Syn Michalkiewicza o słowach ojca dot. pedofilii w Kościele : nigdy nie powinny paść. Były "niegodne
"Chciałbym przekazać, że odcinam się całkowicie od słów, które na Pani temat padły z ust Stanisława Michalkiewicza - mojego ojca" - napisał Mateusz Michalkiewicz o słowach, jakie publicysta powiedział komentując przypadek pedofilii z udziałem duchownego.
Początek października. Sąd Apelacyjny w Poznaniu wydaje wyrok, który nakazuje zakonowi chrystusowców wypłacenie ofierze księdza pedofila milion złotych odszkodowania i przyznaje jej dożywotnią rentę. Jak informuje portal wiez.com.pl, prawicowy publicysta, Stanisław Michalkiewicz nazwał orzeczenie sądu “kuriozalnym" i mówił o “zidioceniu niezawisłych sądów". W nagraniu, jakie pojawiło się w mediach oświadczył, że: “dostać milion złotych za molestowanie, że tam ktoś kiedyś wsadził rękę pod spódniczkę, no któż by nie chciał? Wiele pań za mniejsze pieniądze spódniczki podciąga".
Wzorcowy biskup Czaja i żenujący Michalkiewicz >>
Do ofiary księdza pedofilia, pani Katarzyny, napisał syn publicysty, Mateusz Michalkiewicz. List otwarty opublikowała poznańska “Gazeta Wyborcza".
"Chciałbym przekazać, że odcinam się całkowicie od słów, które na Pani temat padły z ust Stanisława Michalkiewicza - mojego ojca. Zapewne wysłuchanie ich było dla Pani bardzo bolesne - i nie dziwię się: do krzywdy sprzed lat dodana została kolejna" - oświadczył.
Dodał, że: "Umniejszanie - czy wręcz negowanie - krzywdy, jakiej Pani doznała, przemocy psychicznej, fizycznej i seksualnej, których doświadczyła Pani jako dziecko urąga elementarnym zasadom sprawiedliwości. Umniejszenie - czy wręcz negowanie - winy sprawcy, zdeklarowanego pedofila i wielokrotnego gwałciciela - urąga elementarnym zasadom sprawiedliwości".

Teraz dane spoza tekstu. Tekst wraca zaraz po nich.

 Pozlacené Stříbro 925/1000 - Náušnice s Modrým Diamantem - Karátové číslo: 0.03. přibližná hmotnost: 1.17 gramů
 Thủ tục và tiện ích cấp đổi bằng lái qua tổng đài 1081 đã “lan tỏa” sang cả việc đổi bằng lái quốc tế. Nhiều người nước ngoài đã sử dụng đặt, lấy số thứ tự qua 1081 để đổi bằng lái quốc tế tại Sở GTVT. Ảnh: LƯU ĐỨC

Mateusz Michalkiewicz nawiązał do wypowiedzi ojca, która sugerowała, że zachowanie ofiary księdza pedofila było interesowne: “Jestem pewien, że nikt, nigdy i za żadną sumę nie chciałby znaleźć się w Pani sytuacji. Nie ma na świecie takiej ilości pieniędzy, która mogłaby cofnąć czas, zadośćuczynić doznanej krzywdzie i wymazać jej skutki".

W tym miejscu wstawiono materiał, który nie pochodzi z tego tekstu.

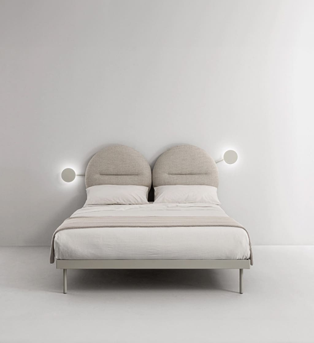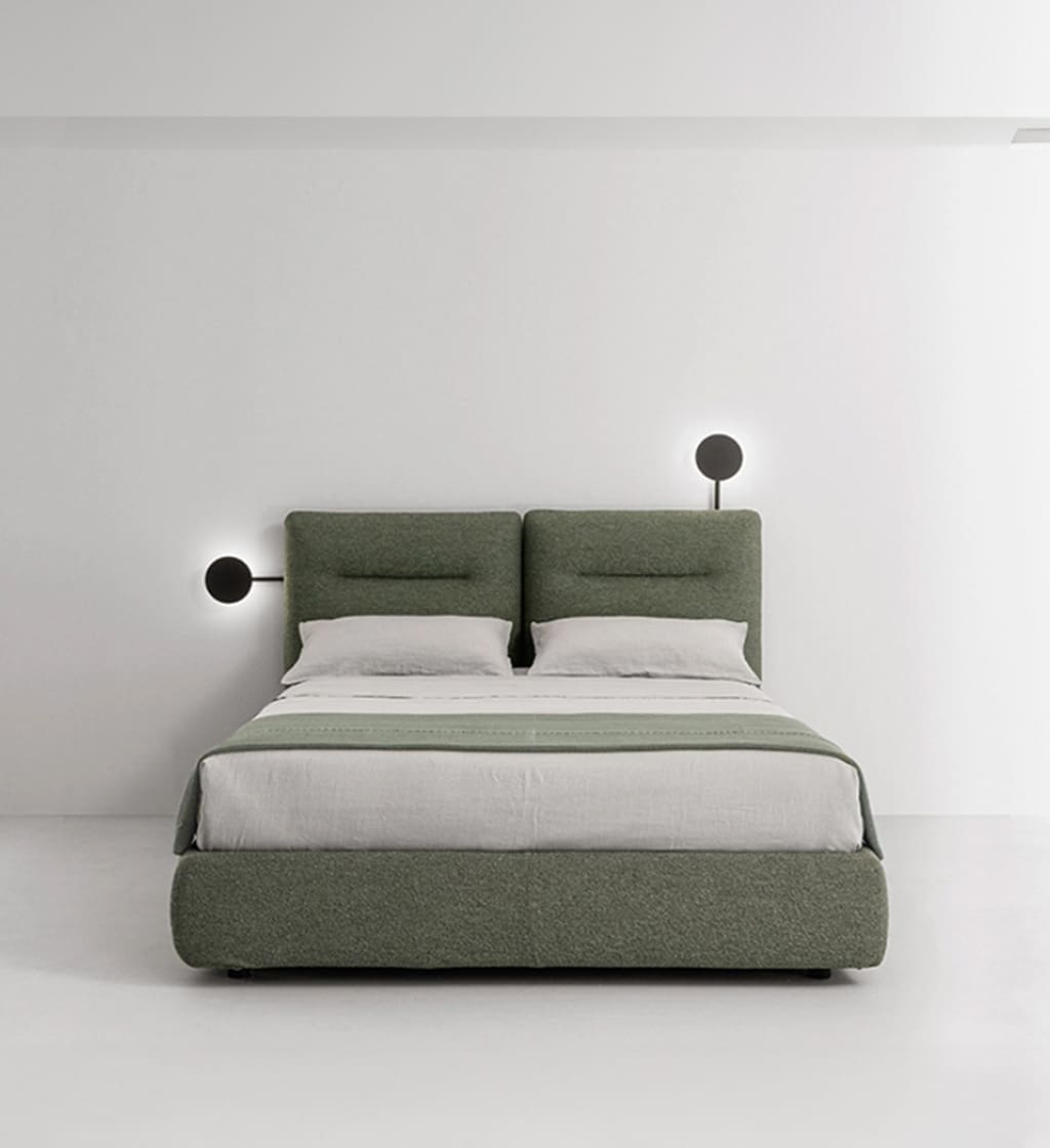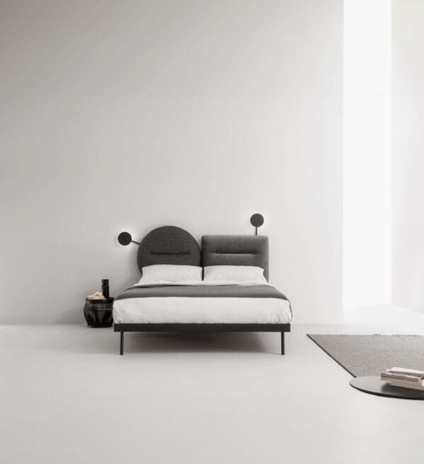 The utmost expression of Caccaro’s tailoring arrives in the bedroom area with Bishape, a unique bed for customisation and expression of style. The headboard and the frame are independent and the headboard itself can be split into two shapes to be combined at will: Circle-circle, Rectangle-rectangle, Circle-rectangle. You can also decide to match the bed frame of your choice, either the upholstered Box (with or without container) or the more essential lacquered Ring structure. Designer: Monica Graffeo

Grzegorz Kramer SJ: nagłaśniajcie tę skandaliczną i do cna złą wypowiedź >>
"Uważam, że słowa, które padły, nie powinny paść nigdy. Uważam, że zachowanie mojego ojca można określić nieco zapomnianym dziś słowem: niegodne" - zakończył swój list syn publicysty.
Według relacji “Gazety Wyborczej" pokrzywdzona odpisała na list. “Jestem ogromnie Panu wdzięczna, bo jak wspominałam, nie musiał Pan przepraszać za słowa swojego Ojca, a jednak to Pan zrobił. Wiele to dla mnie znaczy. Życzyłabym sobie, aby te słowa z usta Pana Ojca nigdy nie padły, bo sprawiły one, że zostałam skrzywdzona po raz kolejny, natomiast nie mamy już na to wpływu" - napisała pani Katarzyna.